Michael Fratantoni at MBA said loans made pre-crisis have been in a state of suspended animation for a number of years and we are beginning to see the pace of resolution pick up.

RealtyTrac data show it takes 1,029 days on average to foreclose in New York, the highest in the US, followed by New Jersey at 999 days and Florida, at 944 days.

Lawrence Yun at NAR said price increases that are occurring in the rest of the country are not likely to happen in the New York-New Jersey area, with the potential inventory that can come at any time.

Private-equity firms such as Blackstone, which helped drive up prices by buying single-family homes to rent in Arizona, Nevada, California and Florida, have avoided the Northeast. Sam Khater at CoreLogic said large investors favor markets with newer construction and demographic growth rather than the Northeast’s aging homes and higher property taxes.

Jeff Taylor at Digital Risk said the sooner that this foreclosure inventory gets to the market the quicker you’re going to see more home price appreciation.

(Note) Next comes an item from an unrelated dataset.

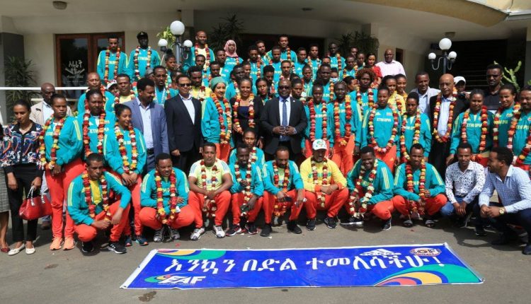 Shaampiyoonaa kanarratti garee jilaa atileetiksiin hirmaachaa ture wayita Finfinnee seenu, De’eetaa Ministiraa Ministeera Aadaa fi Ispoortii Ambaasaaddar Masfiin Charinnatiin dabalatee qaamoleen hoji raawwachiiftota atileetiksii Ityoophiyaatiin simatamaniiru.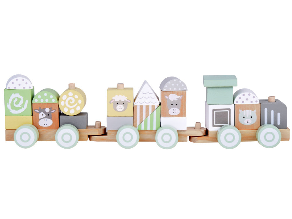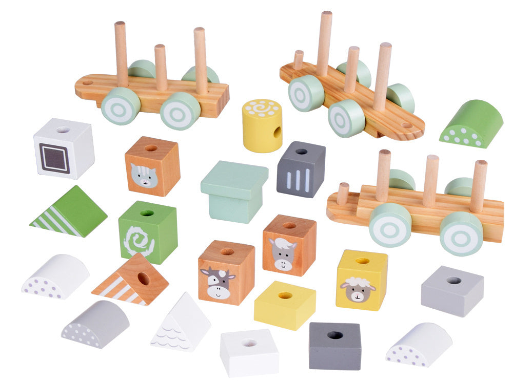 Medinis traukinys su vagonais ir kaladėlėmis 23 el.

Jeffrey Otteau at Otteau Valuation said investors are generally avoiding hard-hit neighborhoods in cities such as Newark, Irvington, Elizabeth, Trenton and Camden, and 21 percent of New Jersey foreclosures are in urban areas, 18 percent are in towns hit by Sandy, and only 4 percent are in the southern suburbs and 2.5 percent in the northern ones. Otteau said the crisis will play out in inner, urban neighborhoods where unemployment is highest, credit scores are lowest and investor appetite is non-existent.